Last, I wanted to include the specifications for defining our APIs, and the schema for our data formats. Providing us with machine readable definitions of the API landscape no matter which solution we go with. Much of the expansion of the horizon when it comes to my API toolbox has been because of the work Fran is doing on AsyncAPI, but also with the maturing of OpenAPI, and the increased adoption of Postman collections when it comes to not just defining the surface area of your API, but also how it will be used at runtime. Here are the specifications I focus on when it comes to my API toolbox.

  • OpenAPI - The OpenAPI Specification, originally known as the Swagger Specification, is a specification for machine-readable interface files for describing, producing, consuming, and visualizing RESTful web services.
  • AsyncAPI - AsyncAPI is an open source initiative that seeks to improve the current state of Event-Driven Architectures (EDA). Our long-term goal is to make working with EDA’s as easy as it is to work with REST APIs. That goes from documentation to code generation, from discovery to event management.
  • Postman Collection - Postman Collections are Executable API Descriptions Collection folders make it easy to keep your API requests and elements organized. A Postman Collection lets you group individual requests together. You can organize these requests into folders. You can group together requests into folders and collections, so that you don't have to search through your history repeatedly. Then collections can be used to mock, document, and test APIs as part of the API life cycle.
  • JSON Schema - JSON Schema is a vocabulary that allows you to annotate and validate JSON documents. Describes your existing data format(s). Provides clear human- and machine- readable documentation. Validates data which is useful for: Automated testing, and ensuring quality of client submitted data.

These specification formats help describe the surface area of API infrastructure in a machine readable way, allowing the resulting definitions to be shared and used across teams helping provide a common truth around what an API does and doesn’t do. They can also then be used across the API life cycle to generate mock servers, publish documentation, generate tests, client and server side code, and many other aspects of operating an API. While these specifications haven’t expanded to include every approach listed in this toolbox, that is part of my work here, to help identify where the shadows exist when it cones to adequately mapping out the API landscape.

Expanding My API Toolbox For The Next Decade

This list represents my API toolbox going into the next decade. I will be further fleshing it out and adding more of the life cycle tooling like mocks, docs, testing, security, and other essential areas. So the next iteration of this toolbox definition will have more detail about each of the TCP and HTTP approaches, as well as the data formats and specifications, but it will also begin to list out specific types of tooling that is being used to support each approach. I am looking to understand the maturity of standardized tooling across the HTTP and TCP universe, while also looking to understand where the new opportunities are based upon movements in single areas, which might not be known and applied across all approaches to delivering APIs.
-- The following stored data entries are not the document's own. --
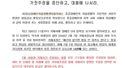°æ³²Àå¾ÖÀÎÀÚ¸³»ýȰ¼¾ÅÍÇùÀÇȸ ȸ¿øµéÀÇ °ÅÁ¦½ÃÀå½Ç ¾Õ Á¡°Å³ó¼ºÀÌ 3ÁÖ°´Ù. Áö³ 2007³â °ÅÁ¦½Ã°¡ ÇùÀÇȸ¿Í ÇÕÀÇÇÑ Àå¾ÖÀÎ 5´ë Á¤Ã¥À» ÀÌÇàÇÏÁö ¾ÊÀº °ÍÀÌ Àå¾ÖÀεéÀÌ ³ó¼ºÀ» ½ÃÀÛÇÑ ÀÌÀ¯´Ù. À̵éÀÇ Á¡°Å³ó¼ºÀ» ¹Ù¶óº¸´Â °ÅÁ¦½Ã¹ÎµéÀÇ ½Ã¼±Àº Â÷°©±â¸¸ ÇÏ´Ù. Àڽš¦
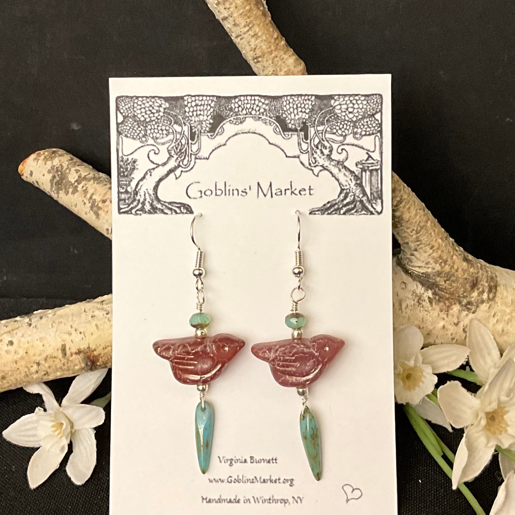 Rosewood Pink Bird earrings with Turquoise Thorn beads
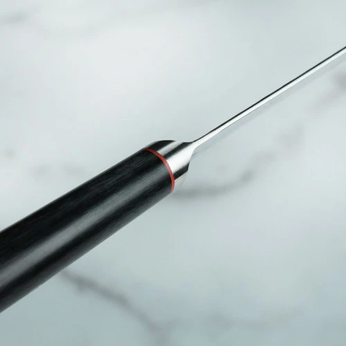 The edge of the blade is hand-honed using the traditional three step Honbazuke method. Honbazuke honing originates from traditional Japanese knife production. Every blade is sharpened and polished by hand in three stages in a complex process. The blade is first coarsely ground using a vertically rotating sharpening stone, followed by a fine honing using a horizontally rotating sharpening stone. The edge is then polished using a leather stropping block for scalpel-like sharpness.

One of the most important aspects of doing this API toolbox revamp goes beyond any particular technical approach and speaks to the wider API economy. I know many of us in the API space think we are the center of the world when it comes to the real world supply chain, and wield terms like the API economy to define the impact we make. However, once you start actually taking an honest look at the number of SOAP APIs still in use, as well as quantify the scope of EDI, you begin to realize that we are still just a toddler when it comes to the global economy. Sure, one can argue we are the future, and we are well on our way to redefining the supply chains of the world, but once you size up our world against what is already in place, we have a lot more work ahead of us to not just develop what’s new, but to convert what already exists to actually operate as part of the API economy.